Example 5.10 Consider the vector-valued function
\[
\mathbf{f} : \mathbb{R}^2 \to \mathbb{R}^3
\]
defined by
\[
\mathbf{f}(x,y) =
\begin{bmatrix}
x^2 + y \\
xy \\
\sin x
\end{bmatrix}.
\]
The partial derivatives are:
- \(f_1(x,y) = x^2 + y\) \[ \frac{\partial f_1}{\partial x} = 2x, \quad \frac{\partial f_1}{\partial y} = 1 \]
- \(f_2(x,y) = xy\) \[ \frac{\partial f_2}{\partial x} = y, \quad \frac{\partial f_2}{\partial y} = x \]
- \(f_3(x,y) = \sin x\) \[ \frac{\partial f_3}{\partial x} = \cos x, \quad \frac{\partial f_3}{\partial y} = 0 \]
Thus, the Jacobian for \(\mathbf{f}\) is \[ \mathbf{J}_{\mathbf{f}}(x,y) = \begin{bmatrix} 2x & 1 \\ y & x \\ \cos x & 0 \end{bmatrix}. \]
This book adopts the numerator layout:
The derivative \(\frac{d\mathbf{f}}{d\mathbf{x}}\) is an \(m \times n\) matrix — rows correspond to function outputs, columns to input variables.

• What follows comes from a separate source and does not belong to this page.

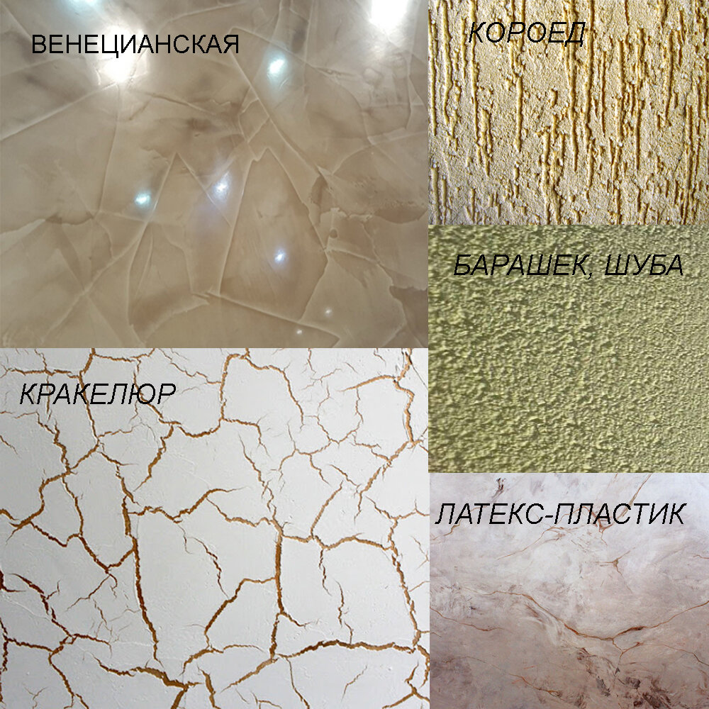 ВЕНЕЦИАНСКАЯ - покрытие имитирует мрамор, оникс. Эта работа непростая и требует сноровки. КОРОЕД - готовая поверхность напоминает дерево, изъеденное жуками-древоточцами. В зависимости от техники нанесения, бороздки могут быть расположены вертикально, горизонтально или по кругу. БАРАШЕК, ШУБА - поверхность равномерная, зернистая или в виде ворсинок. КРАКЕЛЮР - создается необычный эффект растресканной, состаренной поверхности. ЛАТЕКС-ПЛАСТИК - гладкая, немного глянцевая фактура, имитирующая мрамор или другой камень. Рисунок получают с помощью колеровки.

The Jacobian determinant \(|\det(\mathbf{J})|\) represents how a transformation scales areas or volumes. For example, a mapping with \(|\det(\mathbf{J})| = 3\) triples the area (or volume) of a region. This property becomes important in probability (e.g., change of variables in Section 6.7).
For linear mappings, such as \(y = \mathbf{\mathbf{J}}\mathbf{x}\), the Jacobian is simply the transformation matrix \(\mathbf{J}\). For nonlinear mappings, the Jacobian provides a local linear approximation around a point.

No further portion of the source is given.